According to Mark Escott, Deputy Heath Authority for Montgomery County, “Quik Clot Combat Gauze” has been in development for years by the military.

“(Military forces use it) to address situations as was featured in the movie Black Hawk Down where a soldier had a junctional wound, or a growing wound that couldn’t be treated,” Escott said. “There’s not really an effective treatment for that right now. Generally speaking, if the wound is lower down, you can use things like tourniquets, but when it’s in one of those junctional areas it’s very difficult to manage the hemorrhage.”
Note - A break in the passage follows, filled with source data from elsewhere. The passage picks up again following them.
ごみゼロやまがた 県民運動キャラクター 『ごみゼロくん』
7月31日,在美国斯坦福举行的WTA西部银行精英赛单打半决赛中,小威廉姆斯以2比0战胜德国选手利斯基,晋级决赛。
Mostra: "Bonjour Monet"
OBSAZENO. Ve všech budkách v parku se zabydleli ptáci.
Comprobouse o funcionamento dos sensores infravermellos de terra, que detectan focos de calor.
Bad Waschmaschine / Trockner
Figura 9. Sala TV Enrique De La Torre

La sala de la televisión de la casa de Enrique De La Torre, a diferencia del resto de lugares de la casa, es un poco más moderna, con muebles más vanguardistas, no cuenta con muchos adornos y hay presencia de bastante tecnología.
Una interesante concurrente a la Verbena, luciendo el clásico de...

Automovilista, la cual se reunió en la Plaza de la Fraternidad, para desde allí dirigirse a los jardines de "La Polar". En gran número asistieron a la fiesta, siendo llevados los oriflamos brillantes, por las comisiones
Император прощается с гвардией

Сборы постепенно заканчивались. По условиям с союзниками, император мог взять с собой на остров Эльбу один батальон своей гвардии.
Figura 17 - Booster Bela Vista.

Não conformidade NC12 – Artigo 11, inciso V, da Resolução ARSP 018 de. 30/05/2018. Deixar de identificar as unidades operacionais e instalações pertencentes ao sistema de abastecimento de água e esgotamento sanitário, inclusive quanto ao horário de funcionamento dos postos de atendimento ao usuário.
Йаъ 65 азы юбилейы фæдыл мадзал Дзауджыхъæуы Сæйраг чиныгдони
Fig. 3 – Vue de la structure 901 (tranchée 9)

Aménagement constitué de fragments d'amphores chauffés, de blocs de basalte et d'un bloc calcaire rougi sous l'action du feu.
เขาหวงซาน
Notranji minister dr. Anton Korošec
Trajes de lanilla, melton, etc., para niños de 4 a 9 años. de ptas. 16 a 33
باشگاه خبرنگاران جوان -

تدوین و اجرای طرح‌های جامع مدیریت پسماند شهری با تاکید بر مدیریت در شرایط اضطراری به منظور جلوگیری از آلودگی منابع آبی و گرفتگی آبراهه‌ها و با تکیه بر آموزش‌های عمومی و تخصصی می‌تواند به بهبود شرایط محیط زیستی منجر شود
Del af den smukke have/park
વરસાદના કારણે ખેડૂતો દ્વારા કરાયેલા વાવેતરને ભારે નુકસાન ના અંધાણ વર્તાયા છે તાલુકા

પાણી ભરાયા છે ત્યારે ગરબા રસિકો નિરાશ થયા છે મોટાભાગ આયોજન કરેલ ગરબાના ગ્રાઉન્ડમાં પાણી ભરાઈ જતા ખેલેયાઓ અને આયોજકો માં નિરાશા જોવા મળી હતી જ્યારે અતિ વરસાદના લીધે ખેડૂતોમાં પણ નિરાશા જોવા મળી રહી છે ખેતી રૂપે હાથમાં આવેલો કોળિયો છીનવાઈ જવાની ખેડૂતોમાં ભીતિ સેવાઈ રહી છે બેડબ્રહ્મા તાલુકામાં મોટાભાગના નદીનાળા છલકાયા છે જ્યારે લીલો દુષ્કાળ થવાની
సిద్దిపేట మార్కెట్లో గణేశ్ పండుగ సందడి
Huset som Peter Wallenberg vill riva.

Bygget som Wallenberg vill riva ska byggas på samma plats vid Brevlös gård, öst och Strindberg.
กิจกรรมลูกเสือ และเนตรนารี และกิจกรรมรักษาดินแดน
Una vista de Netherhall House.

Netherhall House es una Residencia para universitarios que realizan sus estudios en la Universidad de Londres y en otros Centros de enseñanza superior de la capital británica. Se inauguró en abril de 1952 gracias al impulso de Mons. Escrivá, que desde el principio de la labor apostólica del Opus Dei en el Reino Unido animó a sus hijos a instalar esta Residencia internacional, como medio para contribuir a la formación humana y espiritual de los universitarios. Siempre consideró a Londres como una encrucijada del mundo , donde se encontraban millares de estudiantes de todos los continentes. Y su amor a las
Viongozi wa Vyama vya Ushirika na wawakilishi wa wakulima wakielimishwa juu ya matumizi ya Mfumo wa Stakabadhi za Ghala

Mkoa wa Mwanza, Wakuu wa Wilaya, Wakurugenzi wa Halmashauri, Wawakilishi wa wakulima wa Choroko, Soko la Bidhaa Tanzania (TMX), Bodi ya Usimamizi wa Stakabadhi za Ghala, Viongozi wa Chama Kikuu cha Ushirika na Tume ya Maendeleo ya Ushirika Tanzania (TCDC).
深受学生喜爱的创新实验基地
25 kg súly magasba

The product has been proven in military situations many times over and has already been used six times in Montgomery County. One of those cases was recently when a Porter man who was cutting a tree and had part of it fall and crush part of his leg in the fork of the tree. Medics were forced to remove part of the leg while twenty-feet in the air. In that case tourniquets and Quick Clot proved to be a lifesaver.

“In all six cases, it’s turned out very well for the patient,” Escott said. “I’m confident several would have died without this technology.”

Quik Clot Combat Gauze contains a clay based substance that, when placed on the wound, causes clotting and can “clot off” major arteries, he said. “As far as we know, we were the first in the country to distribute this product to all of our ambulances and we’re working on getting it for first responders.”

While it is expensive compared to traditional gauze, Escott says it is worth the cost because in some cases there is no substitute for it.

He said in situation such as severed limbs, a patient can have a complete blood loss and die, but that does not have to happen with tourniquets and Quik Clot available.

“In the civilian world, we’re still looking at studies to show its effectiveness versus traditional gauze management,” Escott said. “It’s been very effective particularly when patients have a bleeding disorder or are on blood thinners.”